Отец высвобождает свою руку из дочкиных ладоней и кладет ее на стол. Несколько секунд, показавшихся Женевьеве вечностью, он, склонив голову, смотрит в пустую миску. Такое же сосредоточенное лицо у него было во время медицинских осмотров – он словно анализирует замеченные симптомы, обдумывает наиболее вероятный диагноз. Наконец он качает головой, прерывая молчание:
– Я всегда думал, что работа с умалишенными в один злосчастный день сведет с ума и тебя…

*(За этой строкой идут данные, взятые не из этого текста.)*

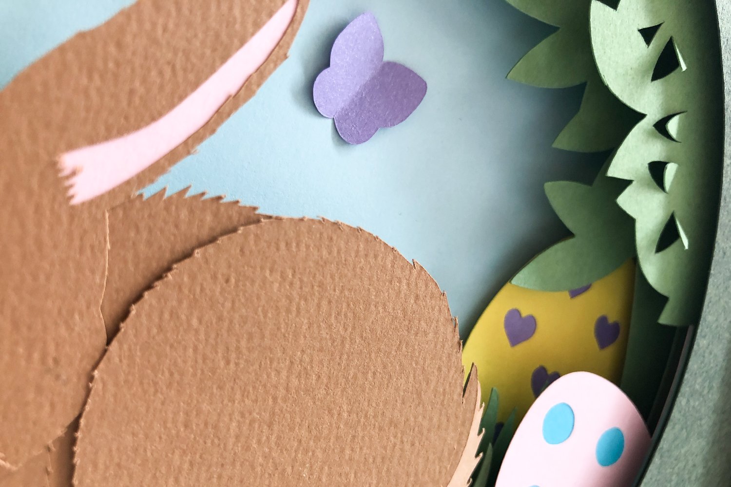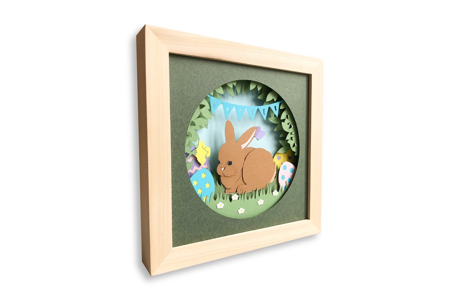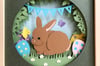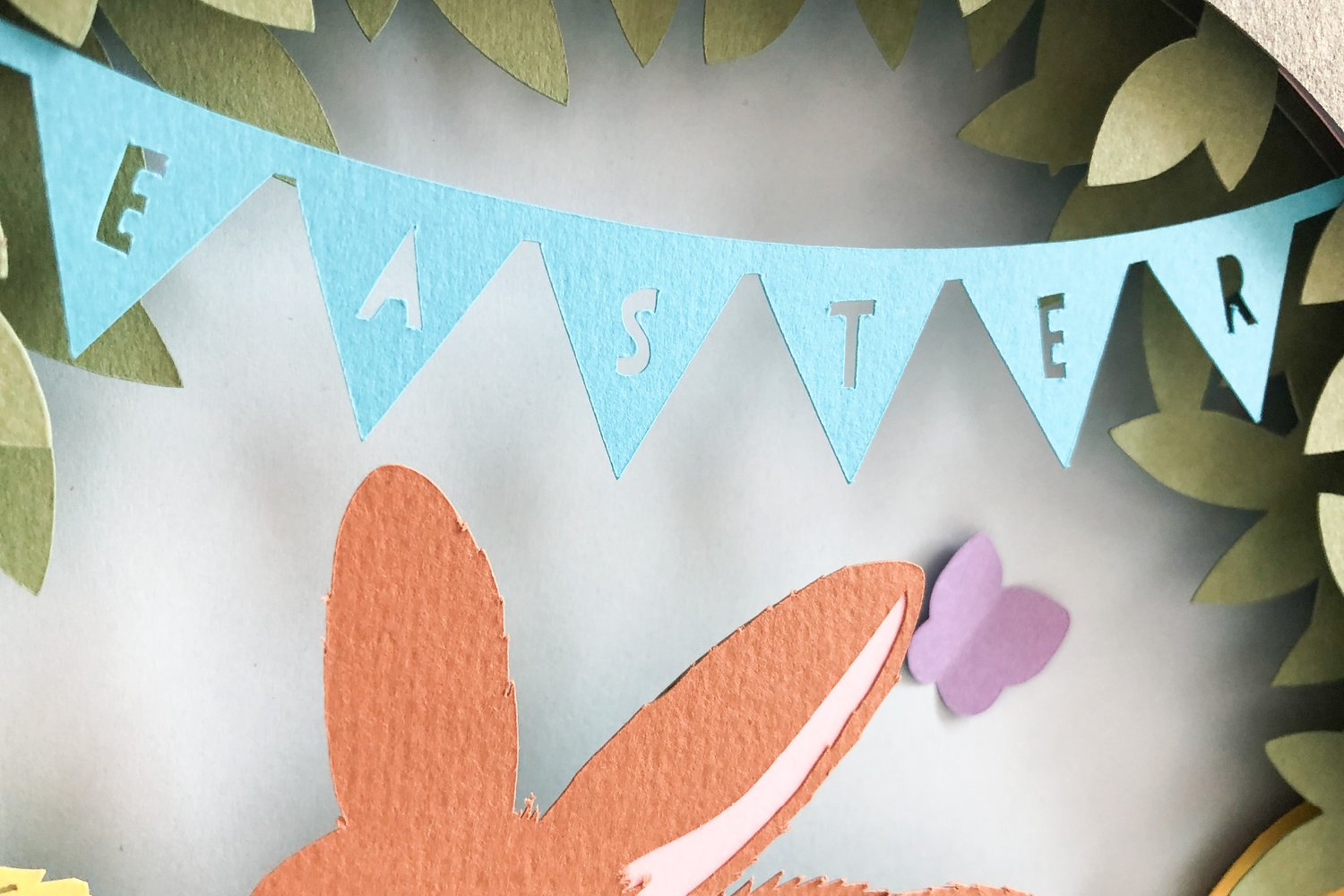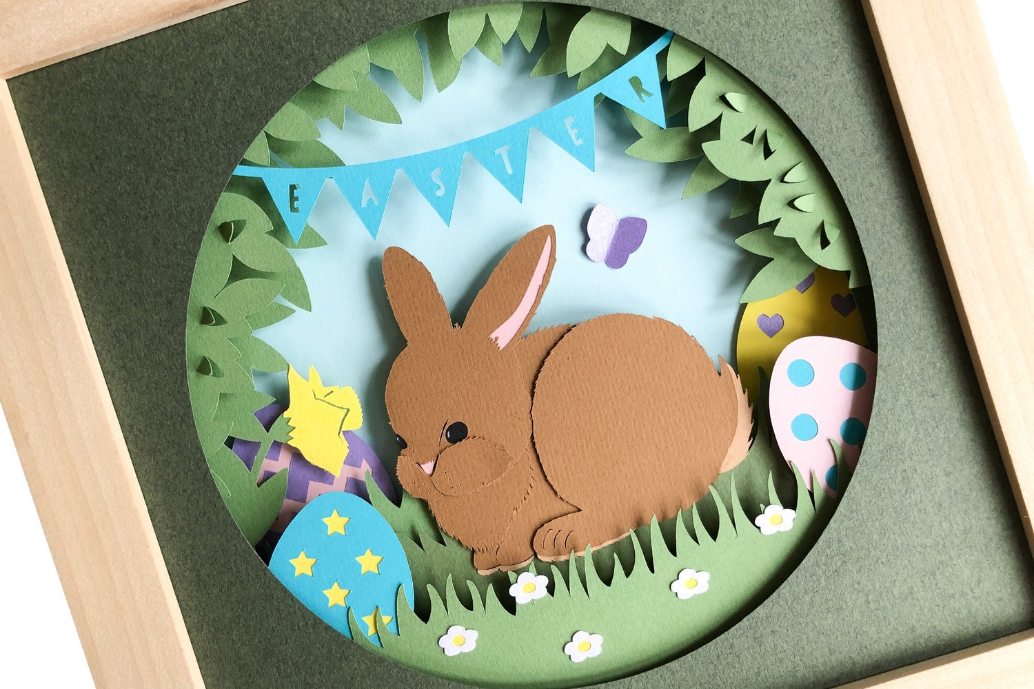This Easter bunny and Easter eggs 3D shadow box paper cut is part collage and is made from several layers of coloured paper. It has a cute bunting banner displaying the word ‘EASTER’.

Женевьева холодеет. Ей хочется протянуть руку к отцу, но она не может пошевелиться.
– Папа…
– Я мог бы написать в Сальпетриер и рассказать им о том, что услышал от тебя. Но я так не поступлю, ибо ты моя дочь. Тем не менее я хочу, чтобы ты покинула этот дом.
– Почему вы меня прогоняете? Я вам доверилась…

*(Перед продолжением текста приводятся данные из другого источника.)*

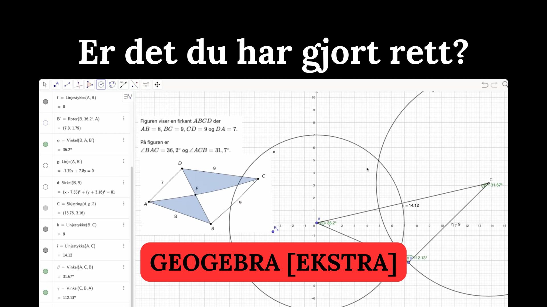 I denne videoen sjekker vi om det vi har gjort i oppgave 12 er rett ved å bruke geogebra. Dette er en ekstra video og er ment for deg som ønsker å ta forståelsen til det neste nivået. Vi går igjennom hvordan vi kan bruke et program som geogebra til å gjenskape oppgaven og bruker programmet til å sjekke vinkler, lengder og areal. Formålet er å vise hva som er mulig hvis man tenker litt utenfor boksen.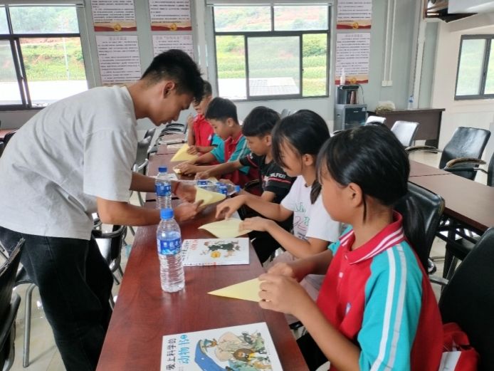 趣味课程启思维,多元体验探真知。除基础文化课程外,公益小课堂精心设计手工制作、绘画、阅读、体育等多元化特色课程,助力儿童综合素质提升。在波亨村委会,志愿者耐心指导孩子们进行手工创作:“大家看仔细,先把彩纸对折整齐,再用剪刀沿着虚线慢慢剪开……”生动的折纸课堂让孩子们在动手实践中感受创造乐趣。课堂还设置自由活动时段,提供阅读、手工、羽毛球、乒乓球、老鹰抓小鸡等多种选择,充分尊重个性需求,让每个孩子都能找到兴趣所在,在运动中释放活力、在游戏中激发创造力。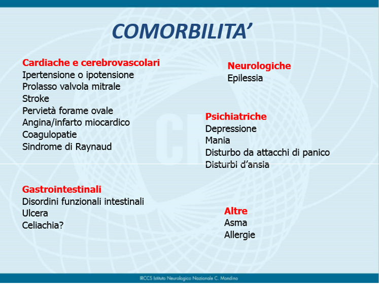 L'emicrania è co-morbida con diverse altre malattie, che vengono descritte.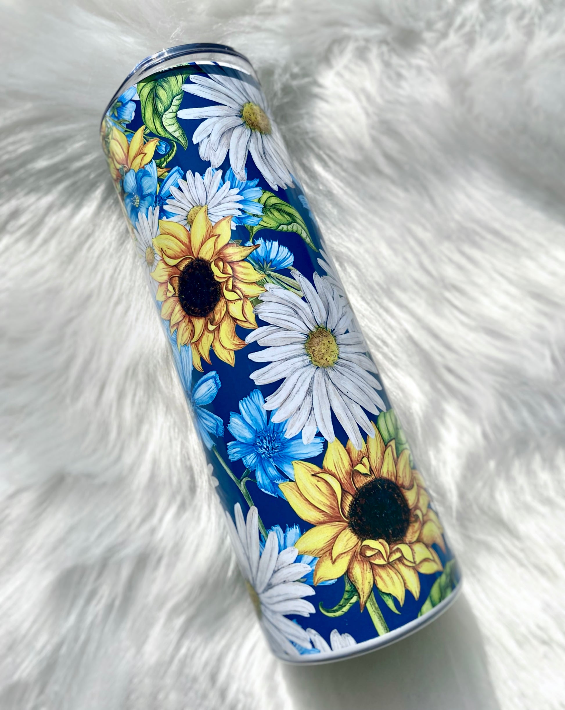 Sunflowers & Daisies Tumbler, Flower Cup, 20oz Skinny Tumbler

– Ты говоришь о мертвой сестре. О мертвой, которая общается с тобой. Ты отдаешь себе в этом отчет?
– Папа, вы должны мне верить! Вы же знаете меня, вы должны понимать, что я не сумасшедшая.
– Вероятно, то же самое ты слышишь от сумасшедших в Сальпетриер с утра до вечера.

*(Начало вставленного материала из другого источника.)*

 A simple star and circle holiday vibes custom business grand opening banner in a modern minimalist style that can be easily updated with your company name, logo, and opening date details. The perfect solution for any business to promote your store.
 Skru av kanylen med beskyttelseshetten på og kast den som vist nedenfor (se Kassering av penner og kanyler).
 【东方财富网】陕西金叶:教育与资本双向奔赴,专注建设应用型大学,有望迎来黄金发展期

У Женевьевы кружится голова. От огня в очаге идет жар, она задыхается. Развернувшись на скамье спиной к столу, обводит взглядом кухню. Ничто здесь более не кажется привычным и родным – кастрюли, сложенные одна в другую на полу, полотенца на стенах, длинный деревянный стол, за которым в ее детстве проходили семейные трапезы с сестрой и родителями; даже старик по ту сторону стола представляется ей незнакомцем. Он вдруг становится похож на всех тех отцов, сидевших перед ней в рабочем кабинете, на чужих мужчин, исполненных презрения и стыда за собственных дочерей, которые им больше не нужны, на тех, кто без зазрения совести и без сожалений подписывал документы на госпитализацию своих детей, уже преданных ими забвению. Женевьева встает, но приступ головокружения заставляет ее пошатнуться, она задевает ступней за ножку стола, спотыкается и, выставив ладони вперед, упирается двумя руками в стену. Пытается выровнять дыхание и оборачивается к старику – тот сидит не шелохнувшись.
– Папа…
Теперь он соизволил поднять на нее взгляд. И этот взгляд Женевьева уже видела – у отцов, смотревших на своих дочерей, которые навсегда потеряли их доброе расположение.
Луизу трясут за плечо.
– Луиза, вставай. У тебя сеанс.
Вокруг медсестры, которая пытается разбудить девушку, уже просыпается дортуар. Женщины лениво выбираются из-под одеял, надевают платья, накидывают шали на плечи, вяло подбирают волосы в пучки и бредут в столовую. За окном третий день не утихает дождь. На лужайках парка прибавилось воды, по тропинкам она течет ручьями, на мокрых аллеях безлюдно.
– Луиза!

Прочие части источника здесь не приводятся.